The expected result is a verbatim repetition of the lines from the start of the entries through the line containing "2-к.квартира, 32.83 м², 12", with the pictures removed.
### Records provided
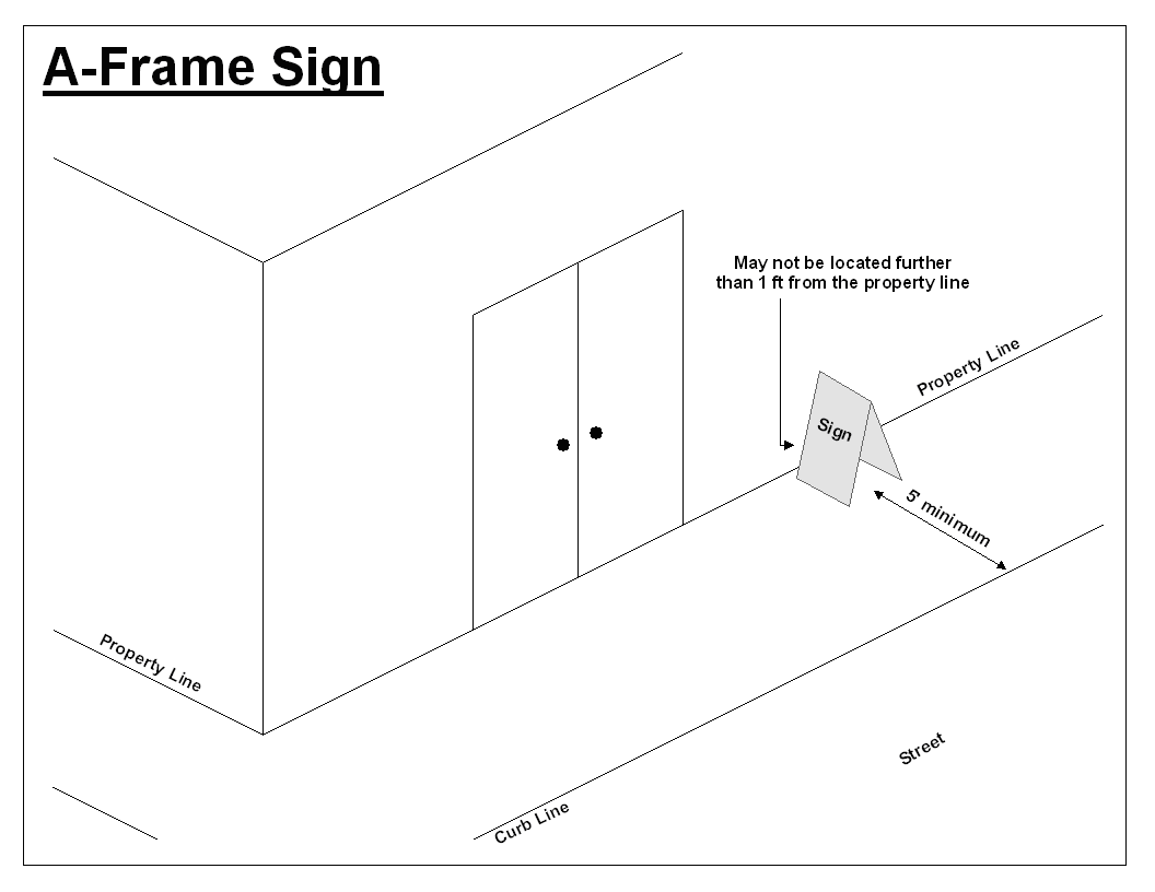 Signs shall be free standing, not attached to any utility pole or structure or any traffic control sign and be setback a minimum of five (5) feet from the curb or edge of pavement.
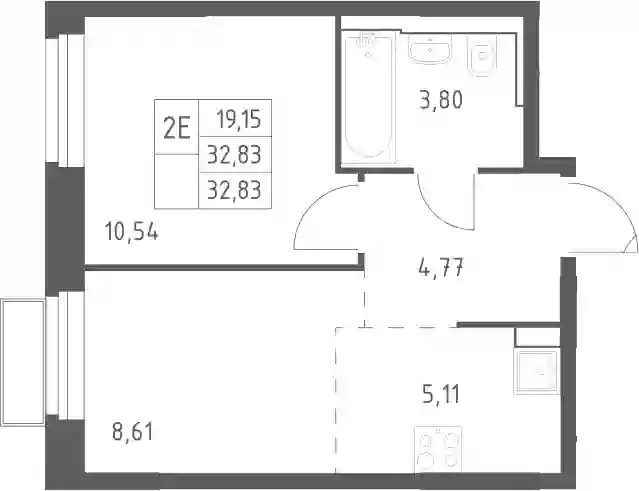 2-к.квартира, 32.83 м², 12 эт. в ЖК Квартал Строгино Корпус 2.1
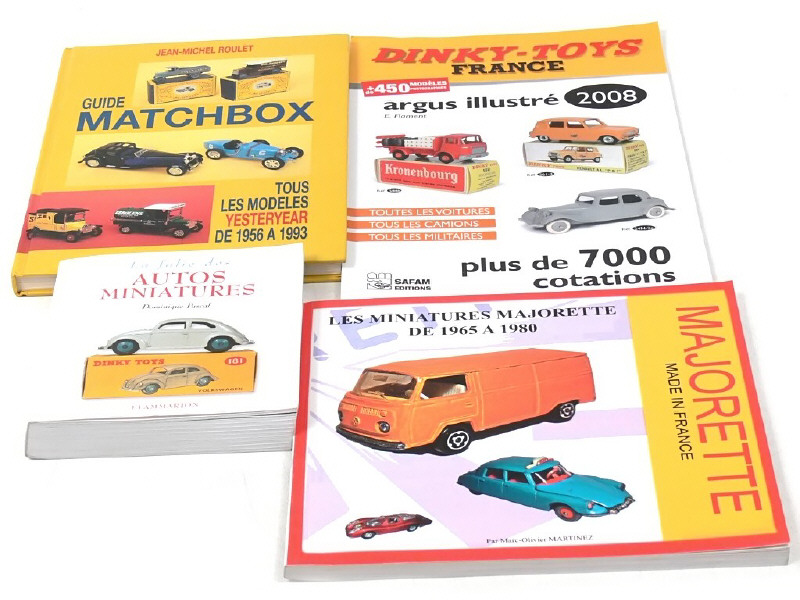 comprend : 'LES MINIATURES MAJORETTE DE 1965 A 1980', 'GUIDE MATCHBOX - TOUS LES MODELES YESTERYEAR DE 1956 A 1993', 'LA FOLIE DES AUTO MINIATURES' & 'ARGUS ILLUSTRE DINKY TOYS FRANCE 2008'
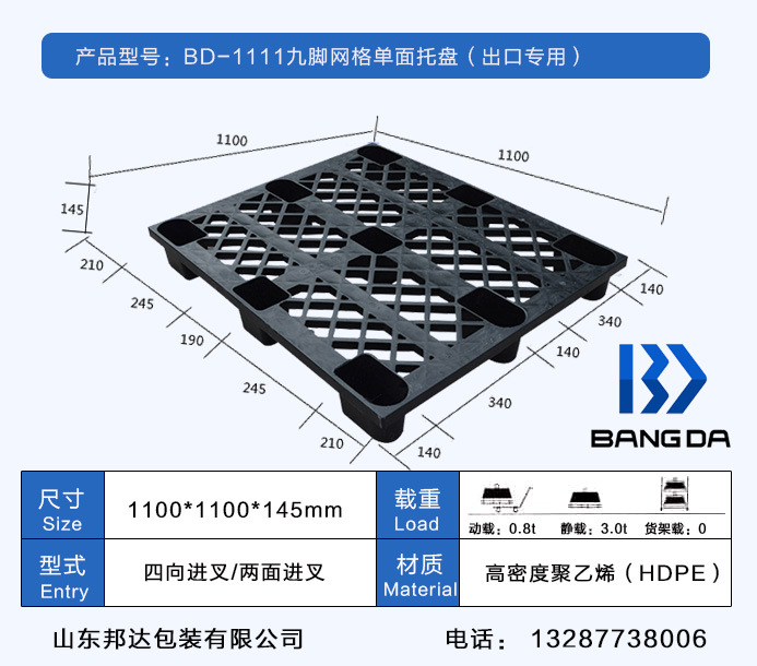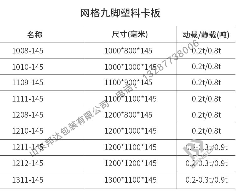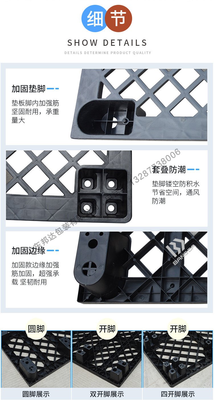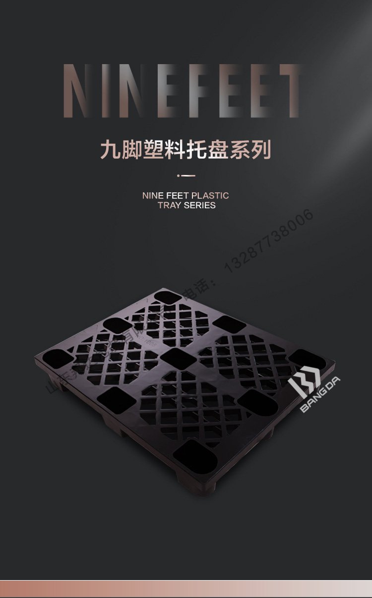 注:九腳網(wǎng)格托盤內(nèi)部可加入鋼管,是為了達(dá)到增加承載的目的,延長托盤的使用壽命,塑料托盤如要在低溫環(huán)境中長期使用,要選擇全新料生產(chǎn)的產(chǎn)品。
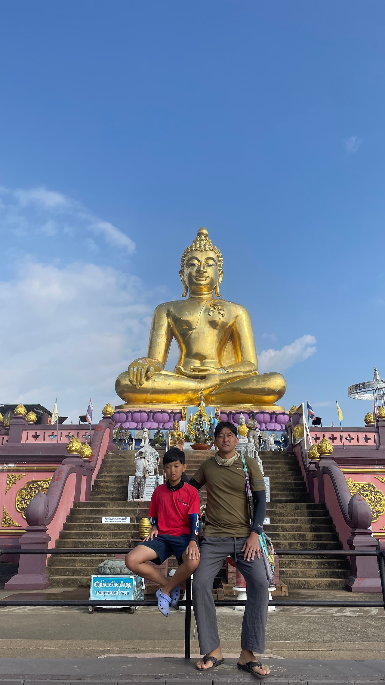 첫 목적지는 골든트라이앵글이었다. 숙소에서부터 70km 떨어진 곳으로 고속 국도 같은 곳을 아이 둘을 태우고 한 시간을 달려야 한다. 중간에 음료라도 마실 곳이 있으면 쉬었다 가려고 하였으나 고속국도 같은 도로가 거의여서 도착하고 좀 쉬기로 했다. 한 시간여를 딜려 15년 만에 다시 골든트라이앵글을 찾았다. 그때는 버스터미널에서 버스를 타고, 다시 성태우를 타고 시간이 많니 걸렸는데, 이번엔 오토바이로 편하게 온 편이었다. 아이들에게 장소에 대한 설명을 해주고 어젯밤에 사놓은 과일과 음료를 마시며 국경의 다양한 모습을 설명했다. 라오스 쪽은 카지노 사업의 열기로 마카오 같은 카지노 건물들이 들어선 것과 대비하여 태국과 미얀마의 국경마을은 우리네 시골 마을과 다를 바 없었다.
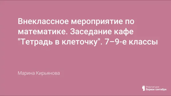 Одной из традиционных форм внеклассной работы в нашей школе уже несколько лет является заседание кафе «Тетрадь в клеточку». В статье представлен сценарий одного из заседаний для обучающихся 7–9-х классов. Такая форма работы оказывает большое эмоциональное воздействие на участников и зрителей, способствует воспитанию находчивости и любознательности, активизирует мыслительную деятельность, формирует творческие способности обучающихся.
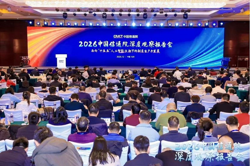 12月13日,2026中国信通院深度观察报告会主报告会在北京举办。本次报告会主题为“面向‘十五五’,人工智能浪潮下的新质生产力发展”。
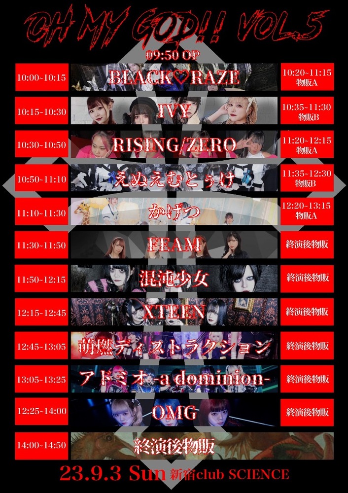 出演:OMG、XTEEN、FEAM、混沌少女、えぬえむとぅけ、かげつ、RISING/ZERO、BLACK♡RAZE、IVY、アドミオ-a dominion-、萌燃ディストラクション
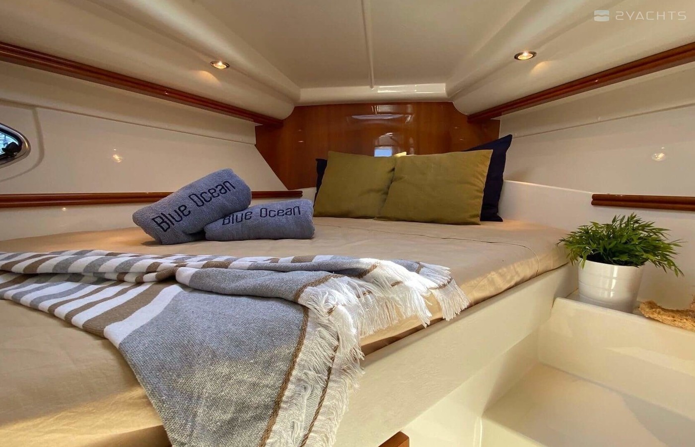 Boat equipment features bimini and bow thruster. It also boasts a flat screen tv, an audio system, outside speakers, free stand up paddleboard and stand up paddle. The fully-equipped galley includes a cooker, sink and kitchen utensils.
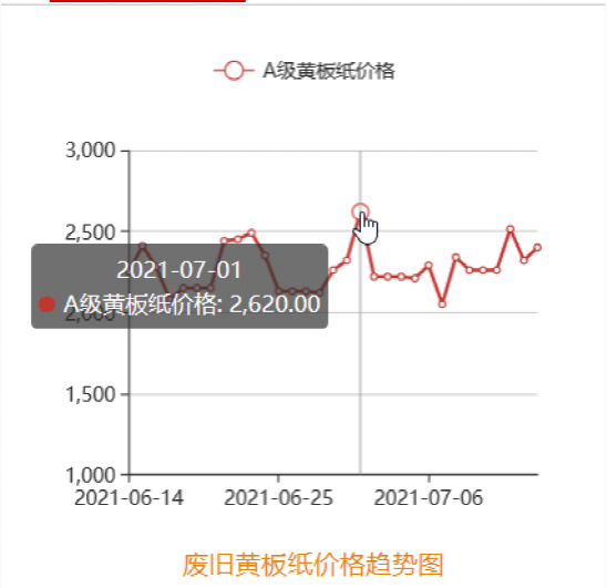 根据中纸网最新数据显示,最近一个月的废旧黄板纸价格在2500元/吨上下波动,7月1日更是高达2620元/吨。
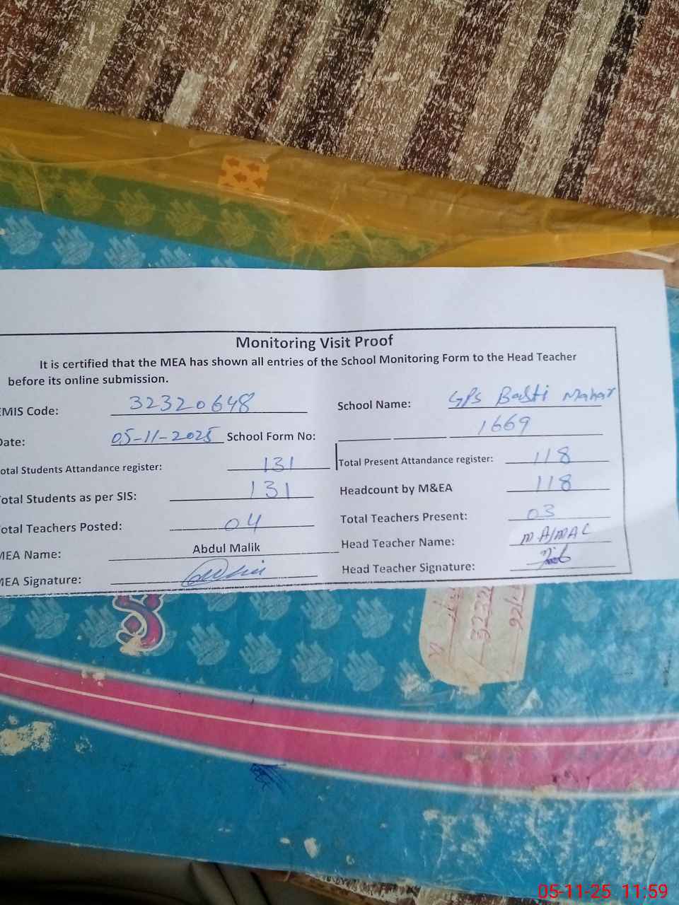 | EMIS Code: 32320648 | Name of School: GPS BASTI MAHAR | |||
######
*Solution below*:
 Signs shall be free standing, not attached to any utility pole or structure or any traffic control sign and be setback a minimum of five (5) feet from the curb or edge of pavement.
 2-к.квартира, 32.83 м², 12 эт. в ЖК Квартал Строгино Корпус 2.1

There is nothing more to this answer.